145.  Computational Intelligence Development Towards a Distributed Continuous Learning Architecture  

Filip Katulski - PhD Student in the Personal Health Data Science Team Sano Centre for Computational Medicine, Krakow, Poland

Abstract:

The current direction of artificial intelligence development is focused on scaling data and computing processes. As important as this direction is, it does not provide the explainability that is necessary for sharing the knowledge among peers. This would be very beneficial within the medical world. The patients’ data is distributed among many hospitals, clinics, and research centres and lacks a unified form. Moreover, due to GDPR restrictions, we cannot share such sensitive data freely, and it must be processed locally, which can cause a problem when scientists want to process the data and see a bigger picture. AI models often lack ways to explain itself and to share the knowledge gained from a dataset.
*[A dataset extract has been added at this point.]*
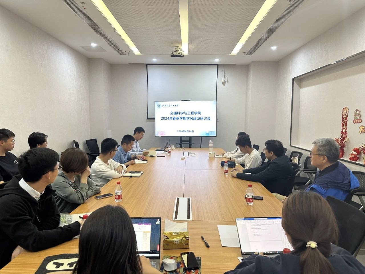 为进一步落实学校2024年人才培养大会精神,全面加强学院学风建设,提升育人实效,4月24日下午,交通科学与工程学院组织召开2024年春季学期学风建设研讨会。学院本科教学副院长陈军、研究生教学副院长于滨、党委副书记郭祖博,本科生班主任、研究生导师代表,本、研教务秘书,专兼职辅导员及各学段学生代表参会。会议由郭祖博主持。
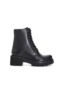 Hochfrontpumps aus Leder mit dünner Schnürung vorn. Sohle und Absatz akzentuiert und ins Auge fallend.

Due to limited resources on hospitals premises, we ask ourselves if we can distribute the work on “fast” and “slow” processes, such as classification, and rules discovery and inference, respectively. The standard federated learning methods might be hard to implement into the real-world hospitals and research centres due to serious variations in data, its form and software solutions implemented locally. We hypothesise an architecture that allows to perform computations locally, on hospitals infrastructure, without sharing the patients’ data, but shares the gained knowledge and compare treatment paths and results within the network of research centres and hospitals.

About the author:

Filip completed his Master’s degree in Computer Science at AGH University in cooperation with Sano. For his thesis, he examined a design of a federated text search engine for Biomedical literature analysis. At Sano he works on Computational Intelligence and Distributed Systems design for medical centres. As part of his career, he is interested in topics such as Cloud Computing, Large Scale Computing and Natural Language Processing.